• _Task instructions_
Your answer should consist only of the records, copied exactly, with the images removed.
•••••
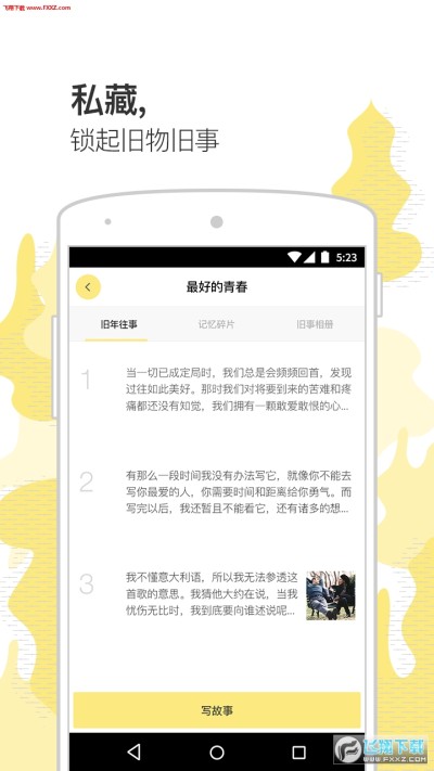 我们尊重每个人的隐私,你的档案将珍藏在私密空间中,需要手势密码才能解锁编辑和阅读。你的一切都将存储于云端保存,让你不会因设备丢失而失去这些回忆。没有你的允许,这些内容都不会被公开。
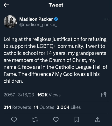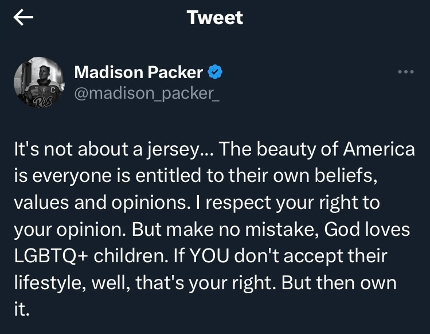 You have religious freedom, and the NHL has made it clear that it is a player’s choice to participate in Pride night, but I am confused why religion and LGBTQI+ inclusion need to be oppositional. Madison Packer, an American ice hockey player, highlights this well in her tweet:
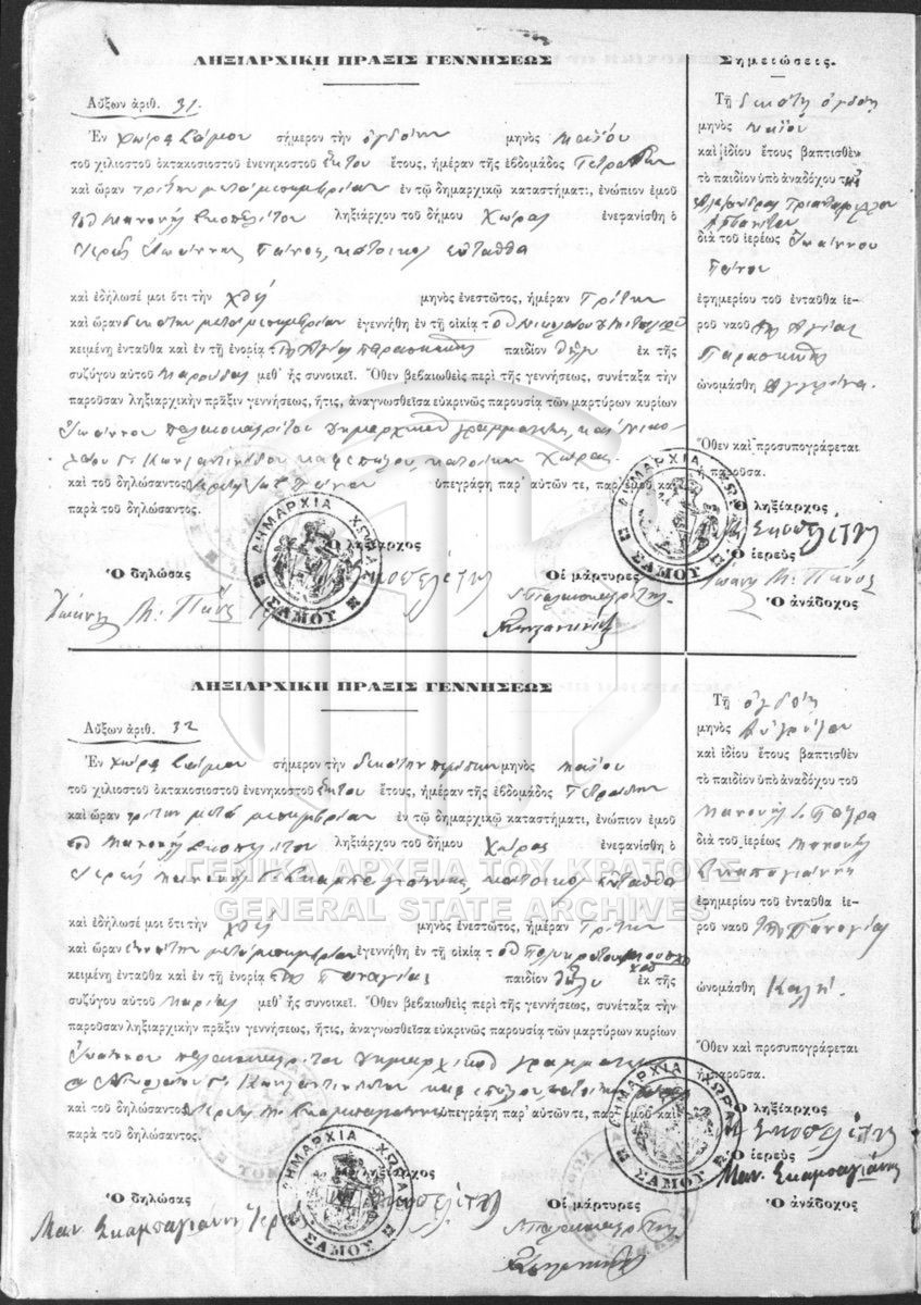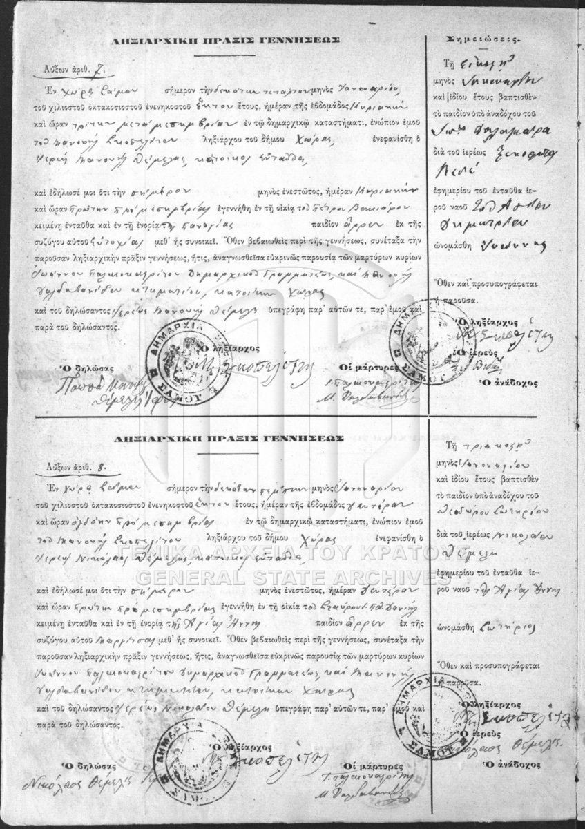 [Fonds] GRGSA-SAM_REG037 OFFICIAL REGISTERS - OFFICIAL REGISTERS [1855 - 1932] Contents: Ληξιαρχικό βιβλίο του Δήμου Χώρας. Ληξιαρχικά βιβλία του Δήμου Χώρας. Ληξιαρχικό βιβλίο του Δήμου Χώρας Ληξιαρχικό βιβλί... |
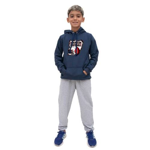 Conjunto Moletom Infantil Menino Estampado Casaco de Frio Com Capuz e Calça Lisa Macia - Azul Marinho - 14
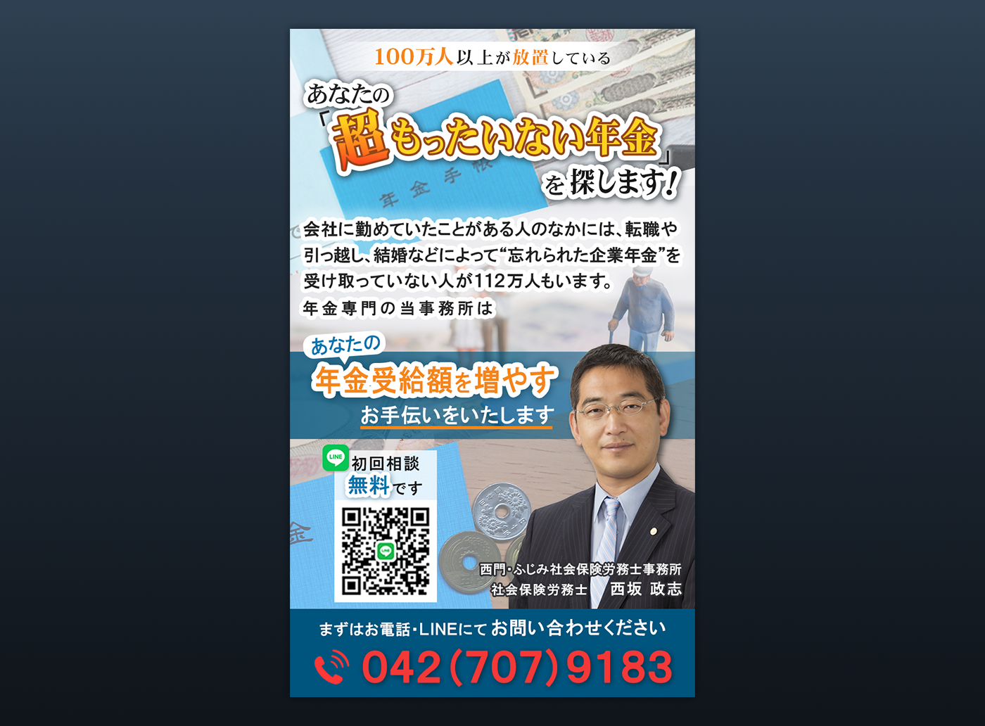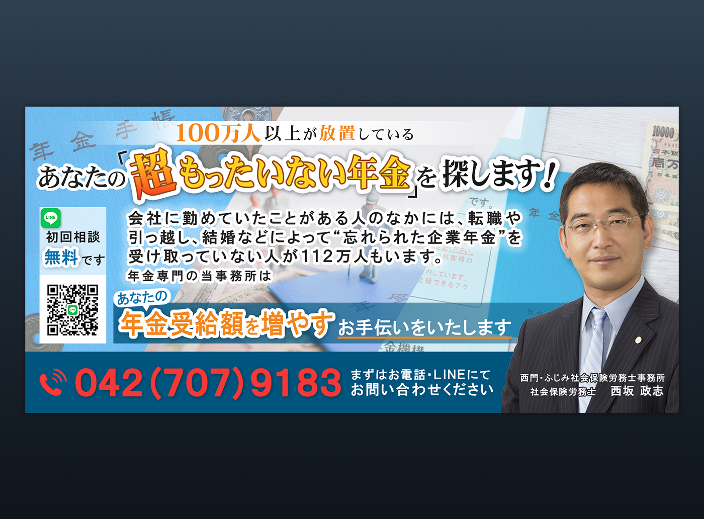 2025.12.05 Graphic Design Pension website’s banner sasaguri-hiroshi Banner Design 年金相談に関する日本のウェブサイトのバナー制作を担当。ウェブサイトとスマホ画面用のトップ画像を制作。 使用ソフトUsed Software Adobe Illustrator Abode Photoshop https://www.instagram.com/hiroshi.sasaguri/ LinkedIn メール
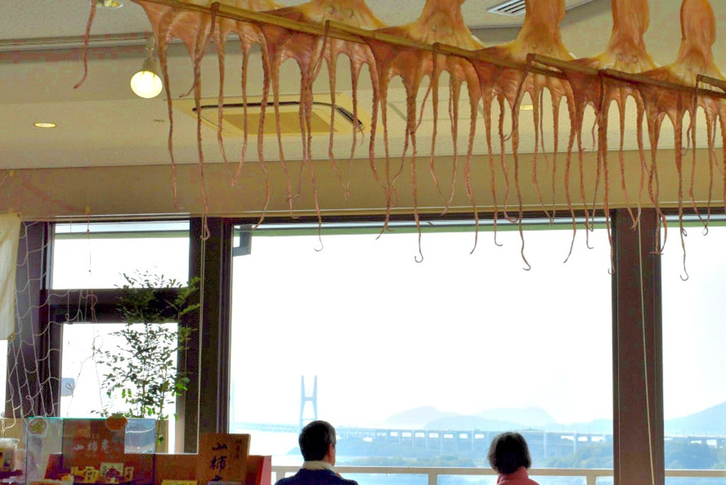 頭上にタコ!眼下に瀬戸大橋! 海町旅情を味わい尽くせる展望カフェは朝9時からオープン。リニューアルされた2階には無料の畳スペースやうれしい授乳室も完備です。
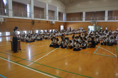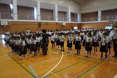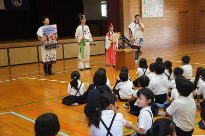 いよいよ夏休みです。夏休み前集会には、古墳祭のキャラバン隊にも来ていただきました。
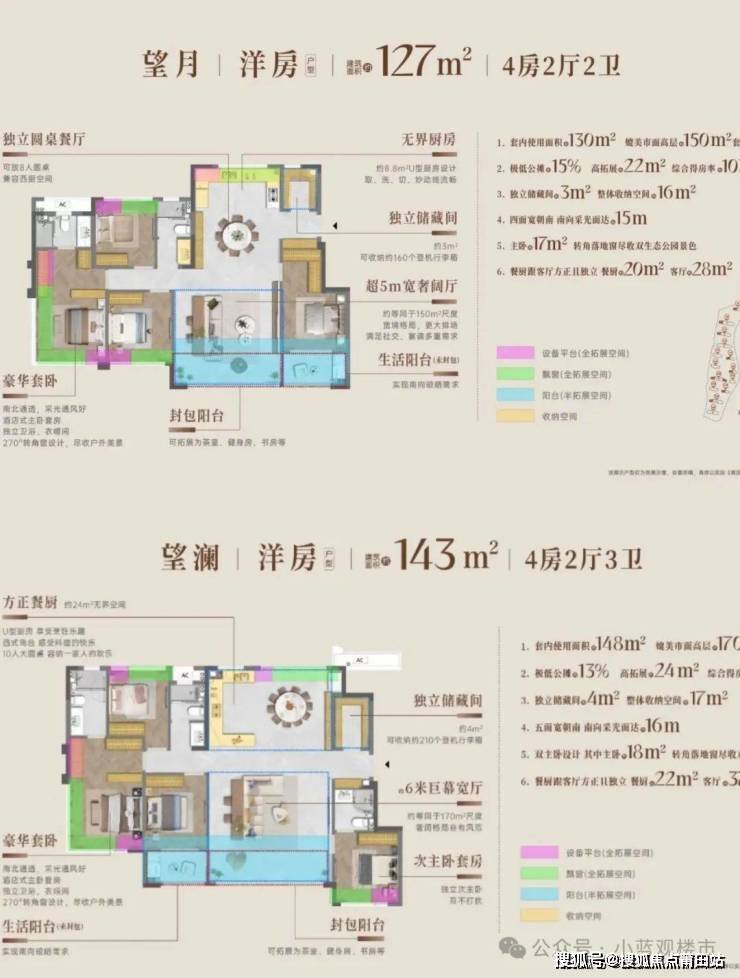 所有得房率均接近100%以上,甚至负公摊。项目103-116-127-143全4房产品,得房率均超约100%,
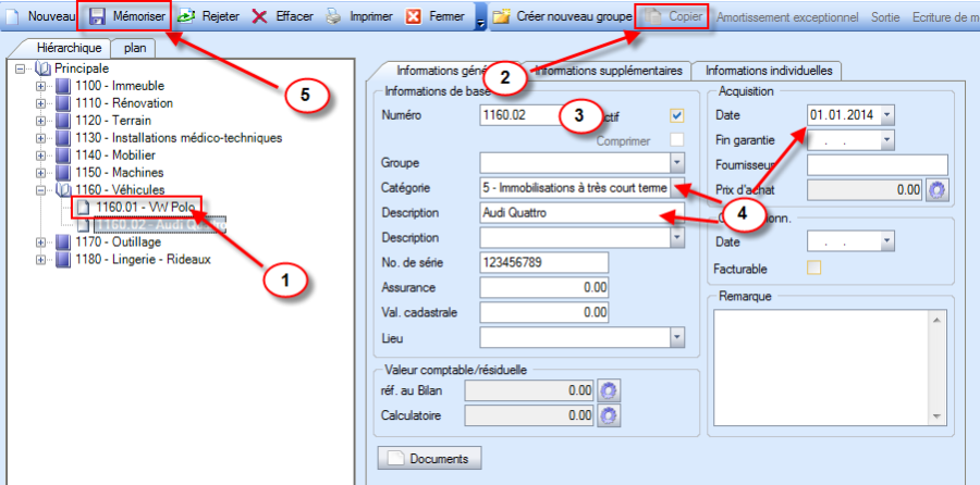 - Donner un numéro d'immobilisation à la nouvelle immobilisation
•••••
• _Exercise result_
 我们尊重每个人的隐私,你的档案将珍藏在私密空间中,需要手势密码才能解锁编辑和阅读。你的一切都将存储于云端保存,让你不会因设备丢失而失去这些回忆。没有你的允许,这些内容都不会被公开。
 You have religious freedom, and the NHL has made it clear that it is a player’s choice to participate in Pride night, but I am confused why religion and LGBTQI+ inclusion need to be oppositional. Madison Packer, an American ice hockey player, highlights this well in her tweet:
 [Fonds] GRGSA-SAM_REG037 OFFICIAL REGISTERS - OFFICIAL REGISTERS [1855 - 1932] Contents: Ληξιαρχικό βιβλίο του Δήμου Χώρας. Ληξιαρχικά βιβλία του Δήμου Χώρας. Ληξιαρχικό βιβλίο του Δήμου Χώρας Ληξιαρχικό βιβλί... |
 Conjunto Moletom Infantil Menino Estampado Casaco de Frio Com Capuz e Calça Lisa Macia - Azul Marinho - 14
 2025.12.05 Graphic Design Pension website’s banner sasaguri-hiroshi Banner Design 年金相談に関する日本のウェブサイトのバナー制作を担当。ウェブサイトとスマホ画面用のトップ画像を制作。 使用ソフトUsed Software Adobe Illustrator Abode Photoshop https://www.instagram.com/hiroshi.sasaguri/ LinkedIn メール
 頭上にタコ!眼下に瀬戸大橋! 海町旅情を味わい尽くせる展望カフェは朝9時からオープン。リニューアルされた2階には無料の畳スペースやうれしい授乳室も完備です。
 いよいよ夏休みです。夏休み前集会には、古墳祭のキャラバン隊にも来ていただきました。
 所有得房率均接近100%以上,甚至负公摊。项目103-116-127-143全4房产品,得房率均超约100%,
 - Donner un numéro d'immobilisation à la nouvelle immobilisation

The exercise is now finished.